─── Available data ───

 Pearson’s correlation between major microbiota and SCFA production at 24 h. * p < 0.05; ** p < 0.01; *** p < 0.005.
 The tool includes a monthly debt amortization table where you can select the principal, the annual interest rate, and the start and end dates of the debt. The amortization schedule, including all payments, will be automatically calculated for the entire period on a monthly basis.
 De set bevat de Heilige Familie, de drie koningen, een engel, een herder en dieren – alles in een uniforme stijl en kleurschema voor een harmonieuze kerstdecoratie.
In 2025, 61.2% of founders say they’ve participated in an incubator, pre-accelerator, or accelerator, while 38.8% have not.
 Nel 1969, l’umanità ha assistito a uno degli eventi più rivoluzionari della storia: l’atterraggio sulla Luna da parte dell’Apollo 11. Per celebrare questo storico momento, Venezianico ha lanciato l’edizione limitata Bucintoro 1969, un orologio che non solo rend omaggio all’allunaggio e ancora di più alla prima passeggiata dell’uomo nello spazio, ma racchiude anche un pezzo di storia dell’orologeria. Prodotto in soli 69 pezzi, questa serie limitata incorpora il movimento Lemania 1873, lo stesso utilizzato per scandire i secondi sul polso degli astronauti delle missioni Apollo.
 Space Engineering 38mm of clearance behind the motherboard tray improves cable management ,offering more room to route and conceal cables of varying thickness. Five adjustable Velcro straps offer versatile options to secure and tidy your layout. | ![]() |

───
─── Available data ───

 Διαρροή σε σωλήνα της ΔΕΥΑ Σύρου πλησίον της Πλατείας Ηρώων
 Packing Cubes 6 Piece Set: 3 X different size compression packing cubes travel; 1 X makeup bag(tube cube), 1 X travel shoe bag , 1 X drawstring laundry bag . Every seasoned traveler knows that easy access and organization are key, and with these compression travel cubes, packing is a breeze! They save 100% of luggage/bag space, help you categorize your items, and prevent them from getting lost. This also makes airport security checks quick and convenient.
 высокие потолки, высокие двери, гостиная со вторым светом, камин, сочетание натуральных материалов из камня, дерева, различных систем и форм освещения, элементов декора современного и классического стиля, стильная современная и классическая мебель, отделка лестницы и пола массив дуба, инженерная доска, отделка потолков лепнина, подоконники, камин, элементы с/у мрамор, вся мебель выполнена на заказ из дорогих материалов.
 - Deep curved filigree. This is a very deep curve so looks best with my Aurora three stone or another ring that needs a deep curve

───

### Problem
All lines in the listing above between the line with "De set bevat" and the line with "In 2025, 61.2%", inclusive, should be set down exactly, and no line outside that range.

### Exercise solution
 De set bevat de Heilige Familie, de drie koningen, een engel, een herder en dieren – alles in een uniforme stijl en kleurschema voor een harmonieuze kerstdecoratie.
In 2025, 61.2% of founders say they’ve participated in an incubator, pre-accelerator, or accelerator, while 38.8% have not.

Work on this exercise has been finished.